Выбрать главу

Франсин старалась не заплакать, но не смогла и не справилась с собой.

Джулия обняла ее и прижала к скользкой белой атласной блузке, довольно долго нежно гладя по голове.

– Я не допущу, чтобы кто-то причинил тебе вред. И твой папа этого не допустит. Ты ведь теперь знаешь это, правда?

* * *

Прошел почти год, прежде чем Ричард понял причину внезапного решения Джулии оставить практику, продать дом и переехать. Все это время ему казалось, что эти события ниспосланы ему Богом или что это замечательное совпадение.
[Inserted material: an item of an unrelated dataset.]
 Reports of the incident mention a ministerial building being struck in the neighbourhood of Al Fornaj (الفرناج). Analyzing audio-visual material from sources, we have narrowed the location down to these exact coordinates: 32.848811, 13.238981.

Однажды в субботу вечером, когда они с Франсин были вдвоем и, поужинав, прослушали CD с «Путеводителем по оркестру для молодежи» Бриттена, он сказал:

– Солнышко, я хочу кое-что спросить у тебя. Это очень серьезно.
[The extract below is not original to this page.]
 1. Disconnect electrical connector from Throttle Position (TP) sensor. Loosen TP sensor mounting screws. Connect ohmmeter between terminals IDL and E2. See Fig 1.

– О том дне? – спросила Франсин.

Ричард понял, что она имеет в виду, и опешил. Неужели ему грозит забыть, как сильно прошлое ее угнетает?

– Нет, не об этом. О том дне было сказано все, что можно, так что говорить не о чем.

Франсин кивнула, затем, как бы с запоздалым сомнением, пожала плечами.

– Я хочу спросить тебя совсем о другом. О будущем, а не о прошлом, о том времени, которое наступит. – Ричард выждал, затем сказал: – Что бы ты сказала, если бы я женился?

– Женился?

– Я хотел бы жениться. Я никогда не забуду твою маму, ты это знаешь. И никогда не перестану любить ее. Но я хочу снова жениться, причем и ради тебя тоже. Полагаю, ты догадываешься, на ком?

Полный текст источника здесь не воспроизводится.